New research shows medical co-pays are preventing incarcerated people from receiving medical care.

While these fees may be as little as $2 to $5, families don't always have the funds to cover repeated doctor's visits.

Wanda Bertram with the Prison Policy Initiative says co-pays are strategies states use to keep the number of sick calls down.

And that's not because people are making frivolous requests.

It's because prisons often don't have the resources and simply don't want to deal with what it would take to actually give incarcerated people the care they need.

Nearly one in five people nationwide have not seen a doctor since entering state prison, according to the Prison Policy Initiative.

Federal data shows people who are incarcerated are more likely to have high blood pressure, asthma, cancer, arthritis and infectious diseases such as hepatitis C and HIV.

A 2,000-mile bus trip has not deterred representatives from Southwest tribes from traveling to Washington, D.C. this week to support expansion of the Radiation Exposure Compensation Act.

Roz Brown reports.

RICA provides health screenings and financial aid for people sickened by testing of nuclear weapons in the 1940s.

Tina Cordova with New Mexico's Tolarosa Basin Downwinders Consortium is traveling with members from the Laguna and Acoma Pueblos and the Navajo Nation.

She notes that expansion of RICA is supported in the Senate, but Republican Speaker Mike Johnson has blocked a vote in the U.S. House.

It's very disappointing that somebody who has so much power can simply say something like it's going to cost too much and that works.

It's obscene.

Expansion of the bill would, for the first time, benefit thousands of New Mexicans from the area surrounding the Trinity Test Site.

A storm system in the Caribbean is expected to intensify over the Gulf of Mexico before striking the U.S.

Gulf Coast as Hurricane Helene by the end of the week.

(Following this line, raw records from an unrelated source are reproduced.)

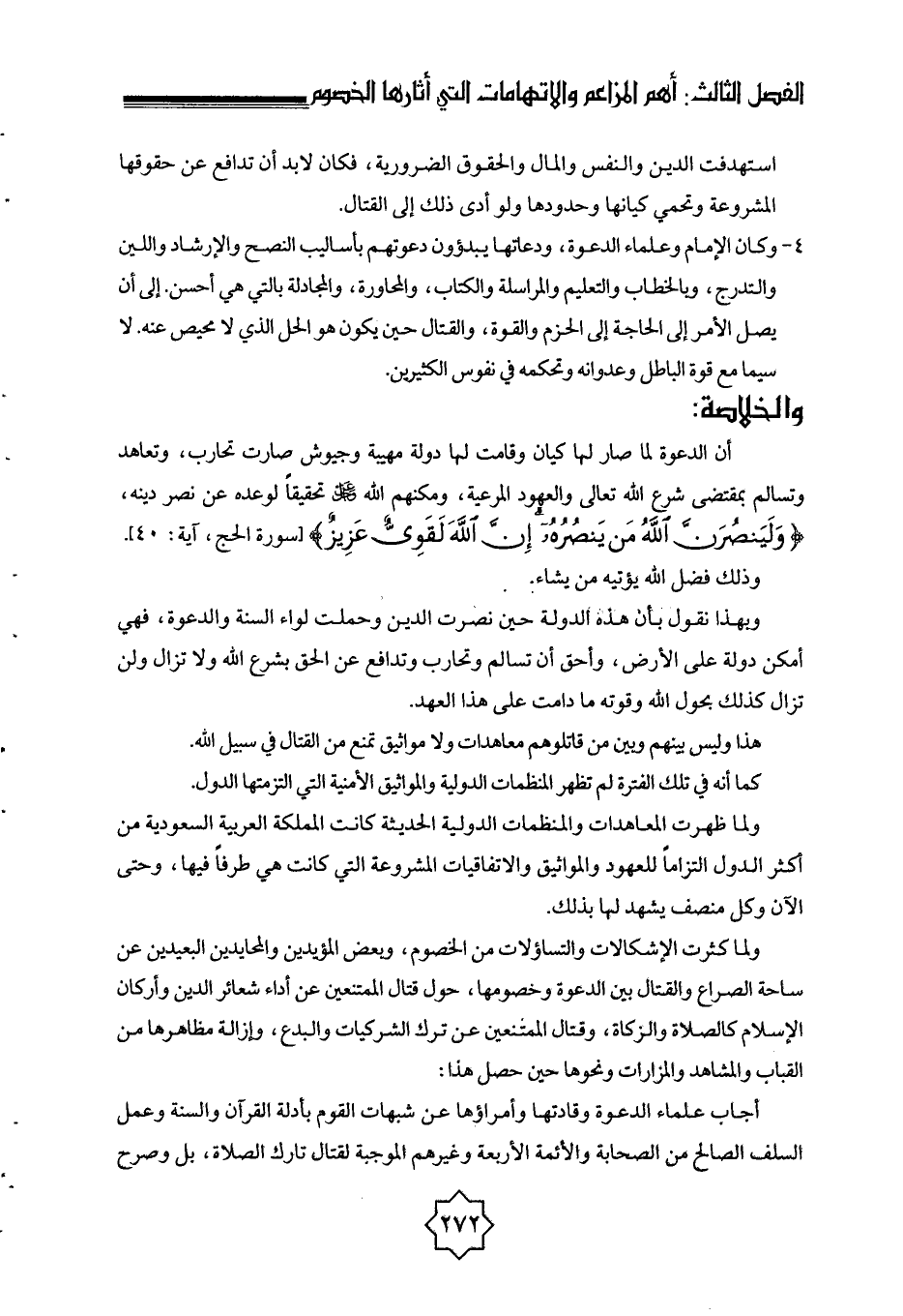 أن الدعوة لمَّا صار لها كيان وقامت لها دولة مهيبة وجيوش صارت تحارب، وتعاهد وتسالم بمقتضى شرع الله تعالى والعهود المرعية، ومكَّنهم الله عز وجل تحقيقًا لوعده عن نصر دينه، {وَلَيَنْصُرَنَّ اللَّهُ مَنْ يَنْصُرُهُ إِنَّ اللَّهَ لَقَوِيٌّ عَزِيزٌ} [الحج: 40] [سورة الحج، آية: 40] .
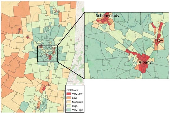 Maps of Child Opportunity Index (COI) scores by Census tract for the New York State Capital District. The left map includes the urban, suburban, and rural areas participants inhabited during pregnancy, as well as neighboring census tracts. All regional tracts were included so as to protect confidentiality of participants as some tracts included less than five people. Very low COI scores were heavily concentrated in urban areas, with low and moderate COI in surrounding rural regions, and very high COI concentrated in the suburbs of urban centers. The right map zooms in on the urban center of the Capital District, which encompasses the cities of Albany, Schenectady, and Troy, which is where the majority of participants lived.
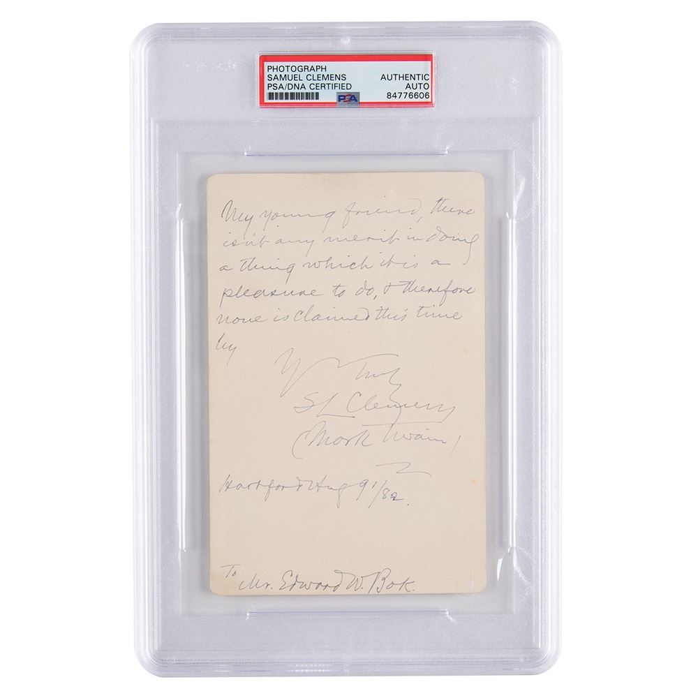 As only he could, Clemens offers his take on writing& mdash;& lsquo;there isn& #39;t any merit in doing a thing which it is a pleasure to do& rsquo;& mdash;words that must have inspired the recipient. Bok eventually made the leap to the world of publishing and was eventually the author of a 1921 Pulitzer Prize-winning autobiography. This incredible photograph, signed as both & #39;Mark Twain& #39; and & #39;Samuel L. Clemens,& #39; was the property of Bok& #39;s daughter-in-law until June 2011. A rare find with great sagacious advice from a literary master.
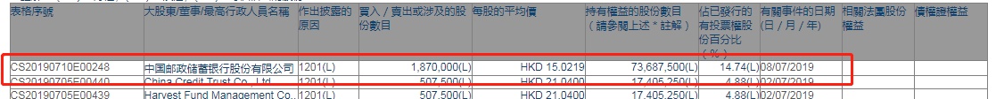 智通财经APP获悉,根据联交所资料显示,中国邮政储蓄银行股份有限公司(01658)于7月8日减持山东黄金(01787)187万股,每股作价15.02港元,总价值约2808万港元,最新持股数减至7368万股,最新持股比例减至14.74%。
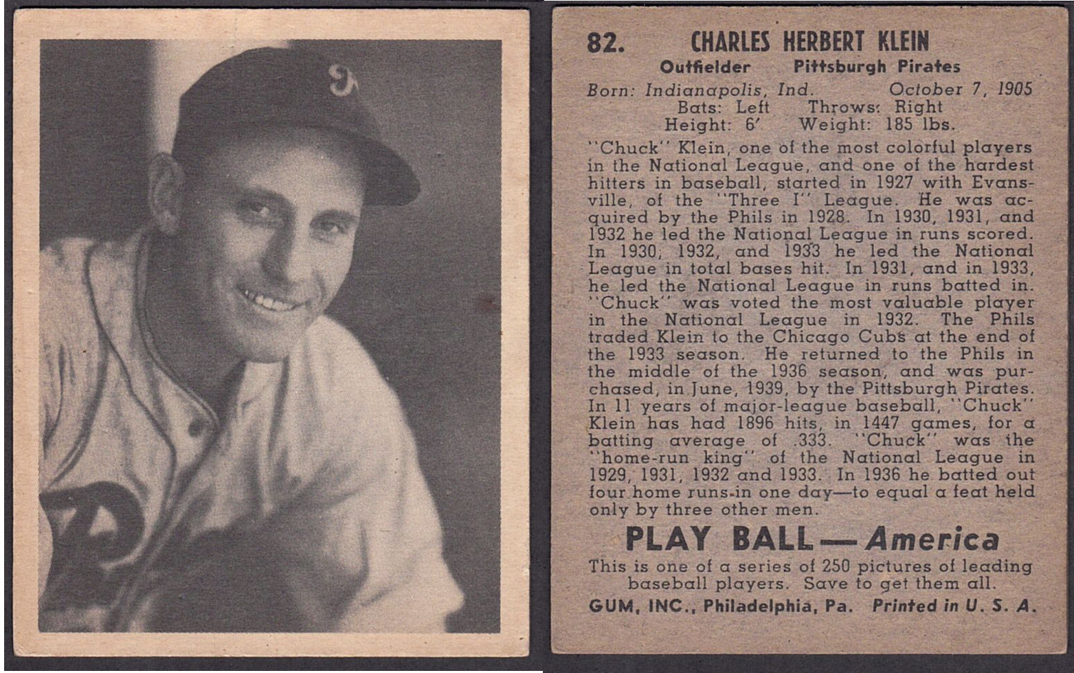 ![]() 1939 #7 Bobby Doerr Price-$old | ![]() 1939 82 Chuck Klein Price-$old |

Hurricane and tropical storm watches are in effect for parts of Mexico and Cuba, and similar alerts are expected for parts of the U.S.

Now to the Atlantic Coast, where anglers want stricter regulations to help improve stocks of herring, a forage fish vital to a healthy ocean ecosystem.

The population was once depleted from decades of overfishing and has struggled to recover, impacting the health of larger prized fish up the food chain.

Rich Hittinger with the Rhode Island Saltwater Anglers Association says that hurts local fishermen and the small coastal businesses that support them.

We see the striped bass and the other fish not showing up in an area because the forage fish aren't there.

Anglers have asked the New England Fishery Management Council to re-establish a 12-mile offshore buffer zone for large herring trowlers.

Nearly all respondents to a recent public comment period backed further actions to protect the Atlantic herring and other forage fish.

A recent assessment of Atlantic herring stock shows little progress has been made in rebuilding the population.

That was Katherine Carley reporting.

This is Mary Sherman for Public News Service, member and listener supported.